Wrong Kind of Hero
Chapter 7: Worst Memories in the Makingyou never get to choose, you live on what they sent you, you know they're gonna use the things you love against you…
AN: Credit goes to JKR (of course) for "Snape's Worst Memory", and her lovely dialogue, around which I wove my own. Apologies for not clarifying this sooner- WKoH will stick to canon as long as possible, but will probably end up AU in some fashion (because dead!Lily and angsty!Sev is canon already, and it's rather difficult for them to get together under those circumstances).
"Absolutely not," Remus said, standing up abruptly and dislodging a protesting Sirius from his lap. "I'm shocked you can even consider it! Lily's happy with Snape. You should accept defeat and let her go."
"Never," James said fervently, the mad gleam of the fanatic in his eyes. "Evans is my destiny. We're meant to be together."
"Really," Lupin started in skeptically, but James cut him off.
"This isn't just some schoolboy crush, Moony. This is love. And I'm going to fight for her. She's only with old Snivellus because she doesn't know how heavily he's into the Dark Arts." Remus shook his head sadly.
"I'm disappointed in you," he said. "All three of you."
"Aww, but Moony-"
"Don't even think about it, Sirius. You should know better." With that, he turned his back on them and walked away.
"Now look what you did!" Sirius shot a glare at James. "This girl better be worth all the groveling I'm going to have to do." He took off after Remus, metaphorical tail between his legs. "Moony, come back here, I wasn't going to-"
They'd trapped him, those damn Marauders, right on the heels of a verbal flogging from Avery and Mulciber again. He was getting threats, subtle but there, if he didn't conform to proper Slytherin standards of conduct— in other words, Death Eater conduct. Dark Magic. He hadn't been doing his quota. Then those blasted Marauders and the envious James Potter had set out to humiliate him again.
"Chuffed you could make it, Snivellus!"
"Wotcher, Snivelly, ready for a duffing up?" As if any of that mattered now, since he'd won already. He had Lily. Potter didn't.
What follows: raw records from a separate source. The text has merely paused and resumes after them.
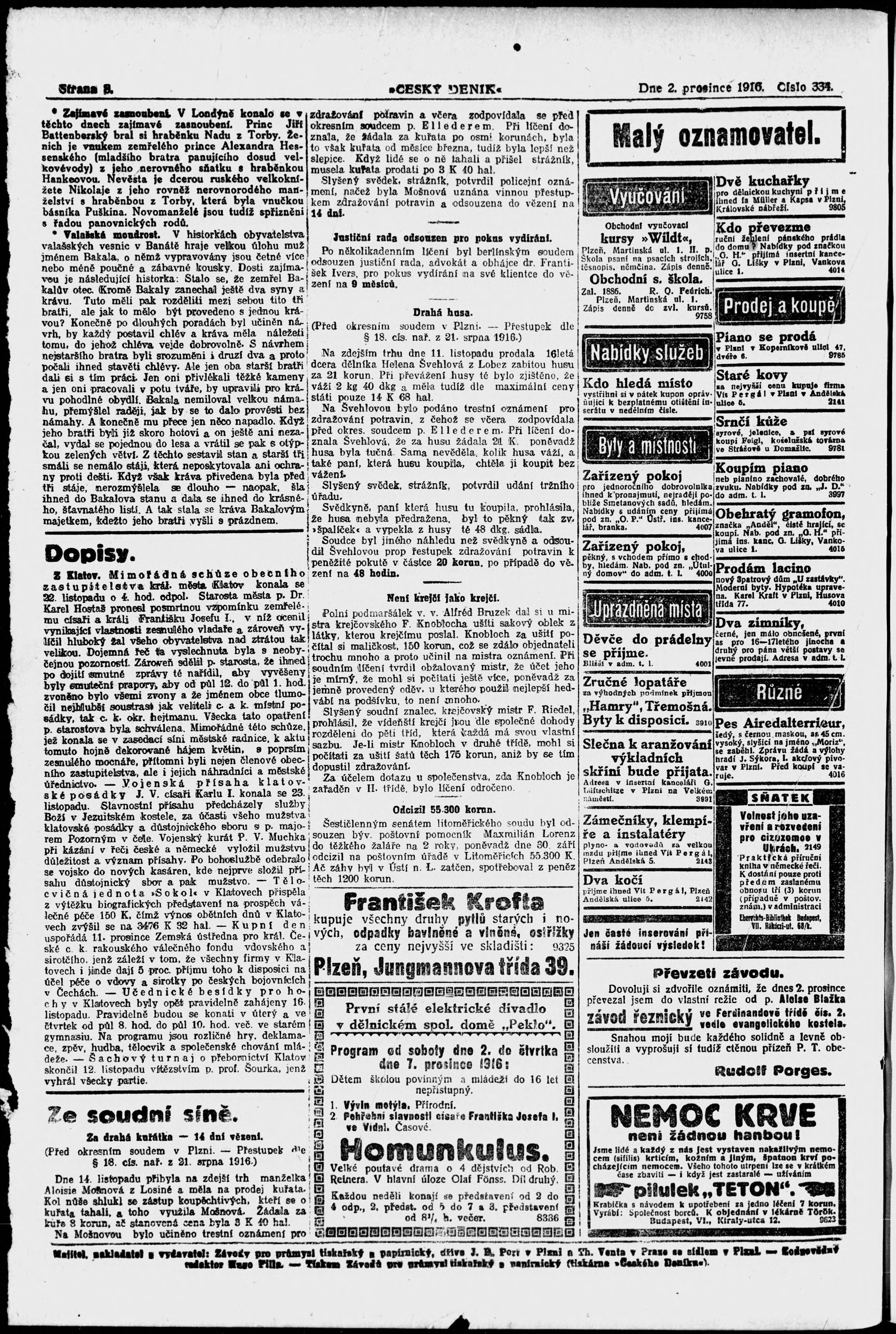 * Datum vydání výtisku: 2.12.1916 Číslo výtisku: 334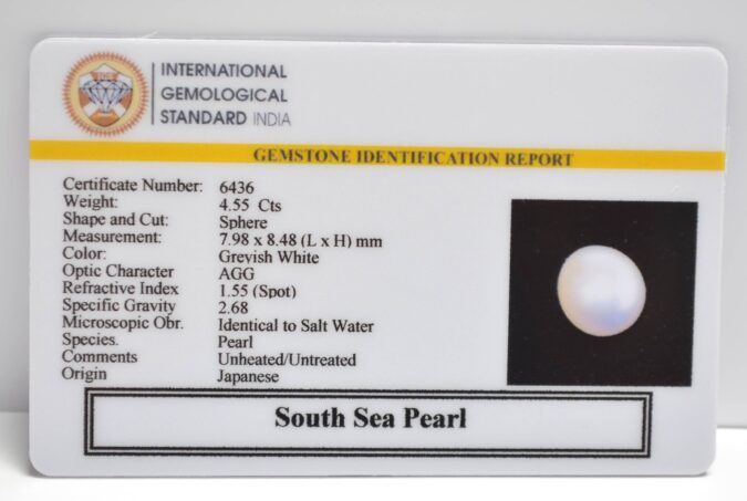 Beautiful 4.55 Cts South Sea Pearl (AAA+-Mines) sva 5+ Ratti SOUTH SEA PEARL. Free Horoscope & Free Pundit Ji Astrological Advise / Consultation. Original Natural Lab certified gems by IGI GTL / Birth stones / Large Gem Selection of shree shubh Rashi Ratan Vedic dhan at Gem Mines. May Bhagwan Brahma, Vishnu, Shiv & Universe bless you.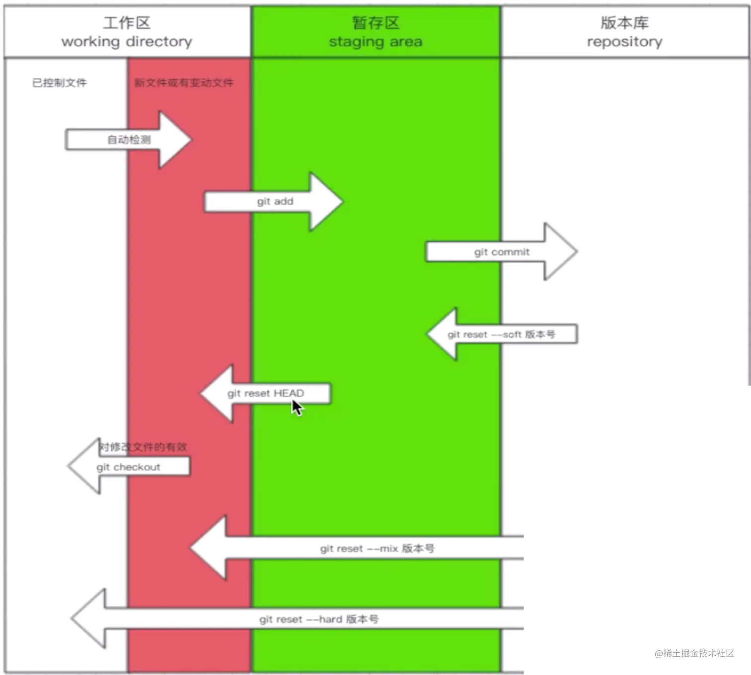 git commit -m "提交信息":将暂存区中的文件提交到版本库(提交后就有自己的提交版本号信息)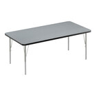 Provide a reliable work surface for a variety of tasks with this Correll adjustable height activity table! This table has a 1 1/4" thick, two-sided thermal-fused laminate top with a 1 1/8" thick high-density particle board core to stand up to frequent use by students or office staff. It is resistant to wear, scratches, stains, and food, which makes this table a great choice for science or art classes. Plus, the rounded corners ensure that there are no sharp points for students or staff to bump into. This model features silver mist legs and a black T-mold.
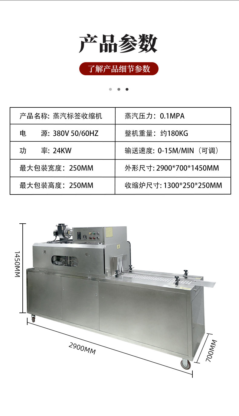 設備的結構設計圍繞 “蒸汽產生 - 加熱收縮 - 產品輸送 - 參數控制” 展開,核心部件包括四大模塊: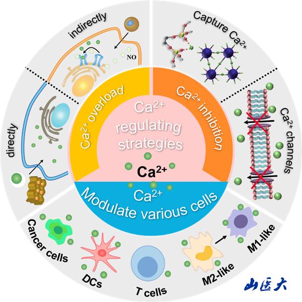 基于钙离子的纳米材料可被用作干扰剂而破坏细胞的钙离子稳态,通过诱导钙超载来促进肿瘤细胞死亡,或通过降低胞内钙离子水平而逆转肿瘤的耐药性。钙超载可导致线粒体功能障碍、ROS水平升高、细胞膜和细胞器膜损伤和细胞骨架破坏,从而导致肿瘤细胞死亡。然而,肿瘤细胞中的高水平的钙离子可导致耐药性。因此,使用钙离子拮抗剂和小干扰核糖核酸以可控方式降低胞内钙离子水平则可逆转这种耐药性。降低胞内钙离子水平可以降低线粒体膜电位,促进肿瘤细胞凋亡,抑制肿瘤转移,并使耐药肿瘤对化疗药物敏感。此外,钙基纳米材料还可以用于干预免疫细胞的钙离子稳态,增强免疫力,促进癌症免疫治疗。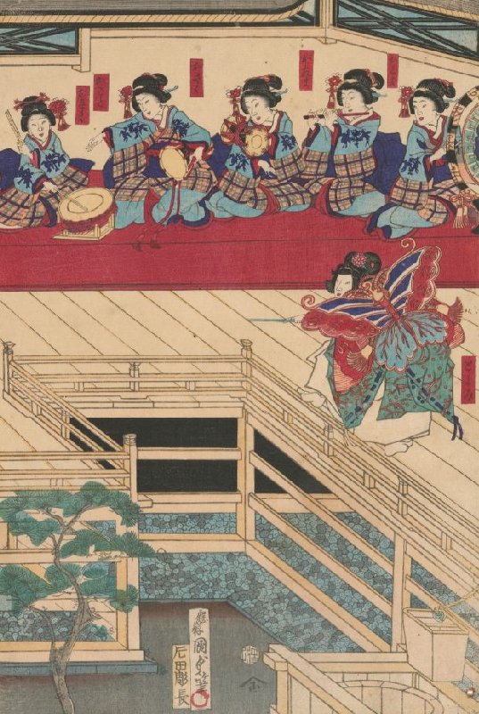 The Geisha Okiku, Okoto, Osaku, Otama and Otoyo and the Girl Toyomi as a Butterfly, right sheet of the triptych The Performance of 'Long Life of the Pine Tree, in Modern Style'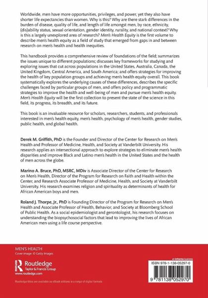 Worldwide, men have more opportunities, privileges, and power, yet they also have shorter life expectancies than women. Why is this? Why are there stark differences in the burden of disease, quality of life, and length of life amongst men, by race, ethnicity, (dis)ability status, sexual orientation, gender identity, rurality, and national context? Why is this a largely unexplored area of research? Men's Health Equity is the first volume to describe men's health equity as a field of study that emerged from gaps in and between research on men's health and health inequities.

But then suddenly he was upside down and helpless, and the feeling he hated worst of all was feeling out of control, and they were hurling taunts at him, not just them but everyone.
"What's the matter, Snape? Scared?"
"Need a girl to come to your rescue?"
"Why don't you fight back, Snivellus? Or are you a coward?"
"Snape's a coward!"
Of course Lily had to witness this, and so did all his Slytherin mates who hated her. If he let her rescue him like this, they'd hurt her. They'd take it as a personal insult to the House. Oh, no, Merlin no. He had to get her out of here! Whatever it took, he had to get her out of harm's way. Can't you just leave well enough alone, Lily?
"Go away," he shouted, hoping she'd get the message and leave before Avery and Mulciber spotted her amidst the commotion. Snape strained against his invisible bonds, knowing hopelessly that there was no other way. She'd only leave if he did something so horrible, so awful that she wouldn't deign him worthy of rescue, and he was pinned into a tight enough corner to do it. His heart sank. Forgive me, he thought, and took a breath.
'I don't need help from filthy little Mudbloods like her!' Lily blinked, and felt time expand and then stop altogether. So that's what he really thought of her? He'd just been, what, dating her to get into her pants? He'd been faking love to prove that he could get any Mudblood girl to date him? Was this some sick initiation test from his Deatheater friends?
Filthy little Mudblood. That's what she was to him? After everything they'd shared, he could say something like that when he knew how much it hurt her? She must have seriously misjudged him.
"Fine," she said coolly, not allowing any emotion into her voice. "I won't bother in the future." Her lower lip trembled. She balled her hands into fists. "And I'd wash your pants if I were you, Snivellus."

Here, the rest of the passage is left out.